[Work task]
Without any pictures, print exactly the lines that run from the start of the data through the line containing "Anggota TNI dari".

*** Opening Supplied data ***

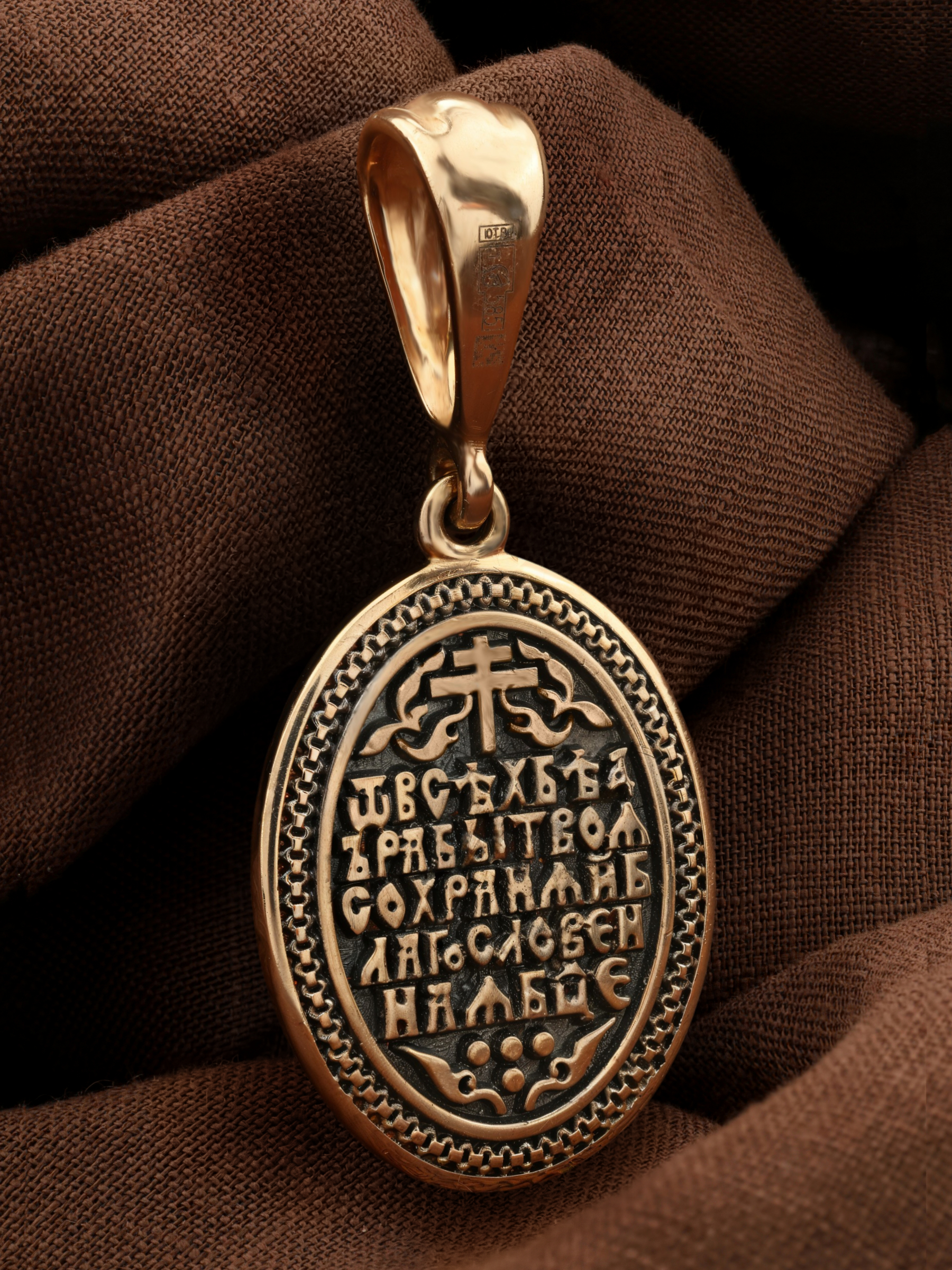 На лицевой части образка изображена Казанская икона Пресвятой Богородицы — одна из самых почитаемых в России. Икона была явлена на пожарище в Казани в 1579 году. В 1904 году святыня была похищена и уничтожена, но чудотворную силу иконы Богородица явила во многих ее списках. Молитва перед Казанской иконой Божьей Матери помогает во всех сложных случаях жизни, во всех печалях, невзгодах, скорбях.
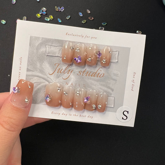 Short Square Purple Gradient with liked Diamond press on nails
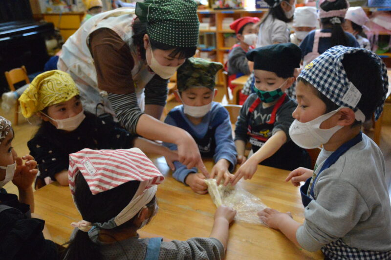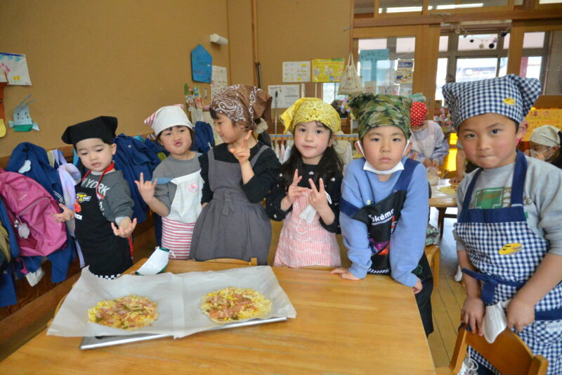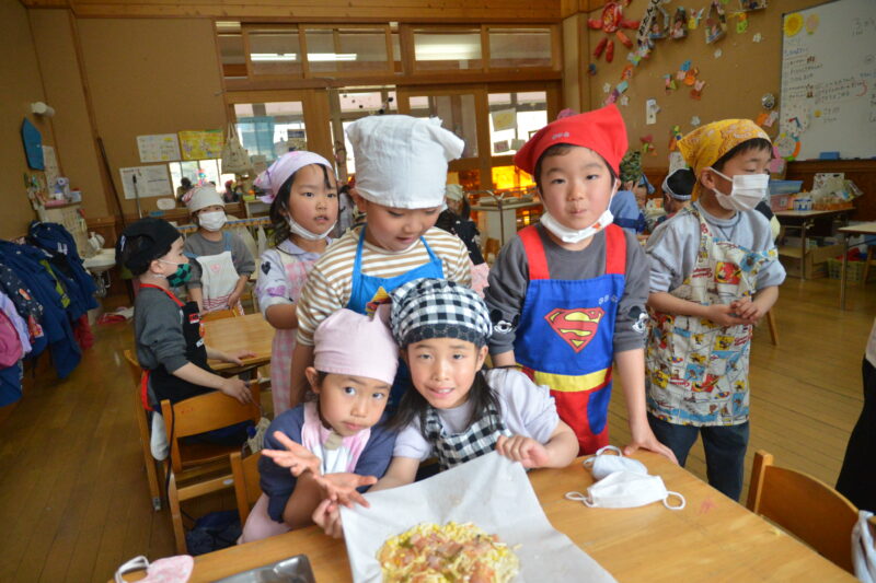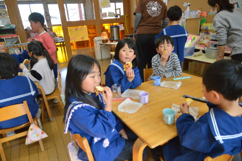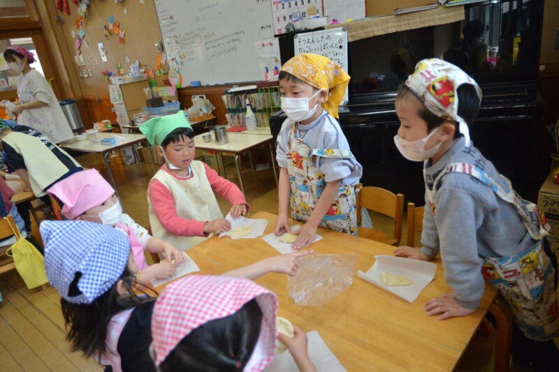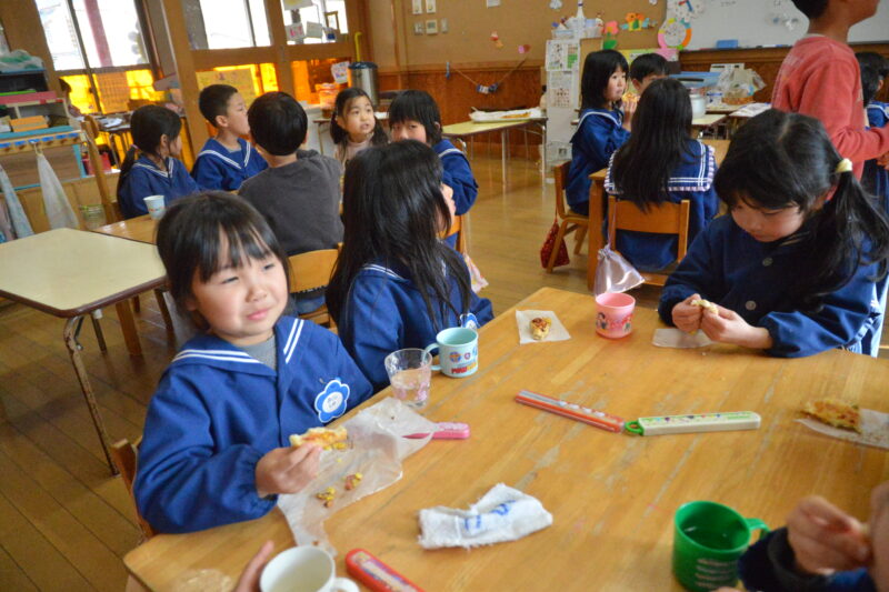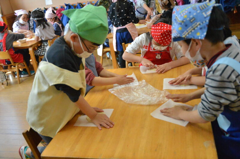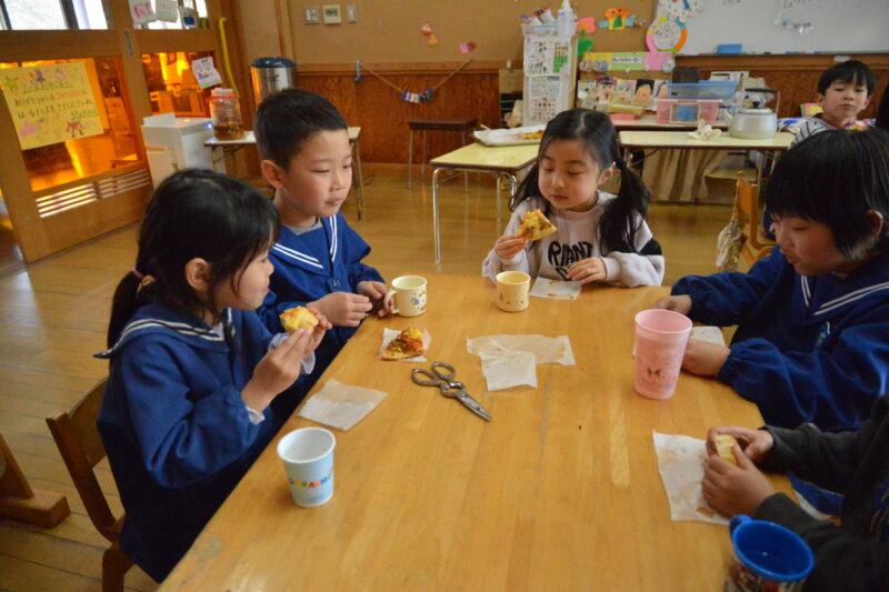 大きなものを1枚作っていたチームは、どう分けるかを相談。平等に分けることは難しくて、1枚残ってしまったチームも。どうするか相談。「給食の先生に上げよう。だって焼いてくれたから」さすがの優しい思い付きでした。
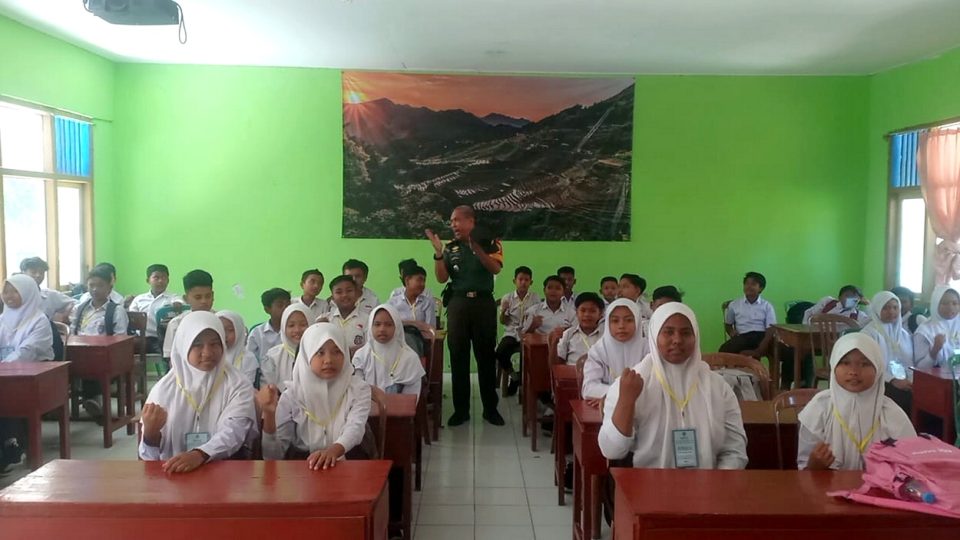 Anggota TNI dari Koramil Waru Pemekasan memberikan pemahaman wawasan kebangsaan (Wasbang) kepada siswa-siswi SMPN 1 Waru, Senin, (17/7/2023).
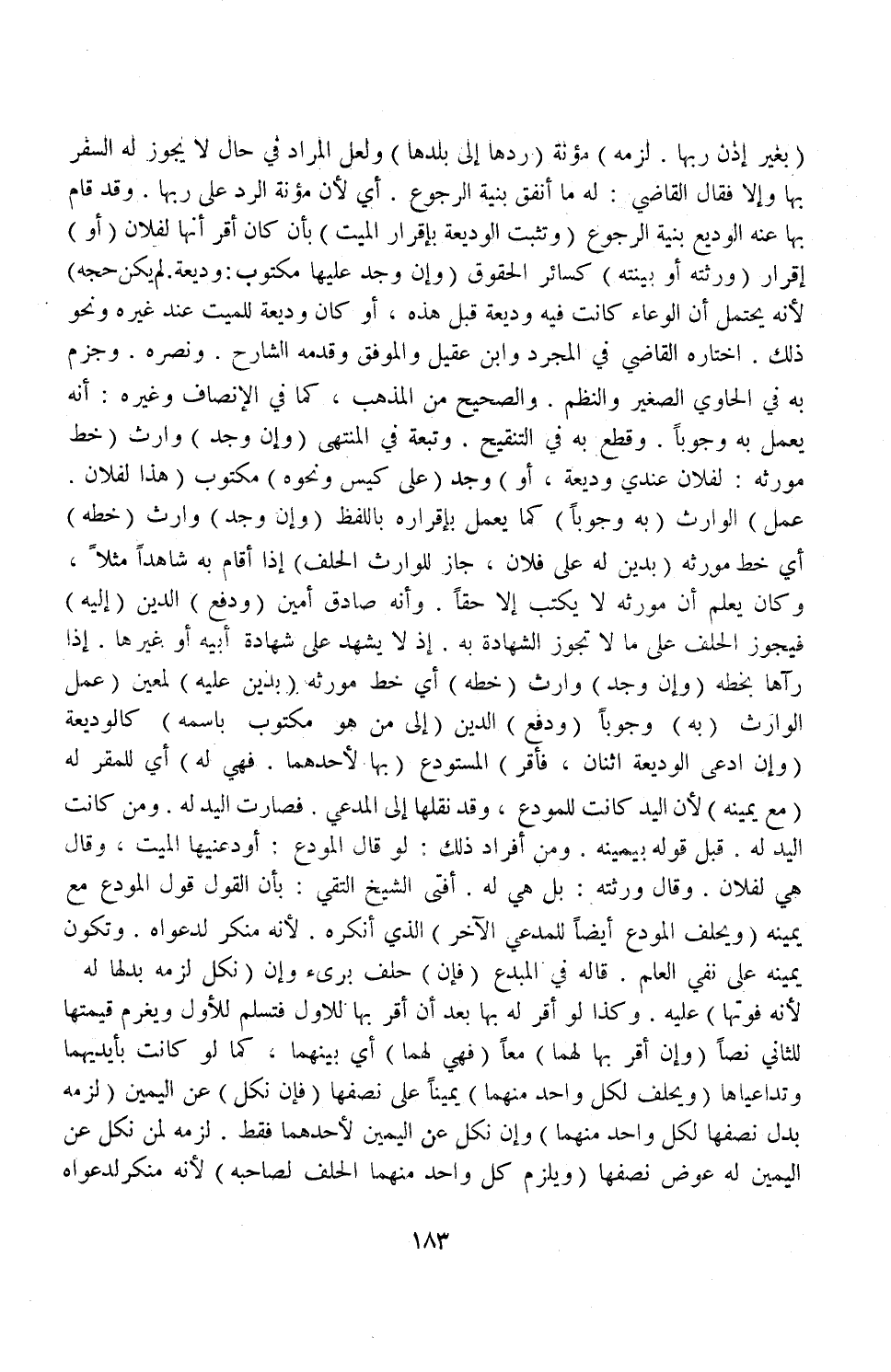 (وَإِنْ وُجِدَ عَلَيْهَا مَكْتُوبٌ: وَدِيعَةٌ لَمْ يَكُنْ حُجَّةً) ؛ لِأَنَّهُ يُحْتَمَلُ أَنَّ الْوِعَاءَ كَانَتْ فِيهِ وَدِيعَةً قَبْلَ هَذِهِ، أَوْ كَانَ وَدِيعَةً لِلْمَيِّتِ عِنْدَ غَيْرِهِ وَنَحْوُ ذَلِكَ اخْتَارَهُ الْقَاضِي فِي الْمُجَرَّدِ وَابْنُ عَقِيلٍ وَالْمُوَفَّقُ وَقَدَّمَهُ الشَّارِحُ وَنَصَرَهُ وَجَزَمَ بِهِ فِي الْحَاوِي الصَّغِيرِ وَالنَّظْمِ وَالصَّحِيحُ مِنْ الْمَذْهَبِ كَمَا فِي الْإِنْصَافِ وَغَيْرِهِ أَنَّهُ يُعْمَلُ بِهِ وُجُوبًا وَقَطَعَ بِهِ فِي التَّنْقِيحِ وَتَبِعَهُ فِي الْمُنْتَهَى.

*** Closing Supplied data ***

[Answer box]
 На лицевой части образка изображена Казанская икона Пресвятой Богородицы — одна из самых почитаемых в России. Икона была явлена на пожарище в Казани в 1579 году. В 1904 году святыня была похищена и уничтожена, но чудотворную силу иконы Богородица явила во многих ее списках. Молитва перед Казанской иконой Божьей Матери помогает во всех сложных случаях жизни, во всех печалях, невзгодах, скорбях.
 Short Square Purple Gradient with liked Diamond press on nails
 大きなものを1枚作っていたチームは、どう分けるかを相談。平等に分けることは難しくて、1枚残ってしまったチームも。どうするか相談。「給食の先生に上げよう。だって焼いてくれたから」さすがの優しい思い付きでした。
 Anggota TNI dari Koramil Waru Pemekasan memberikan pemahaman wawasan kebangsaan (Wasbang) kepada siswa-siswi SMPN 1 Waru, Senin, (17/7/2023).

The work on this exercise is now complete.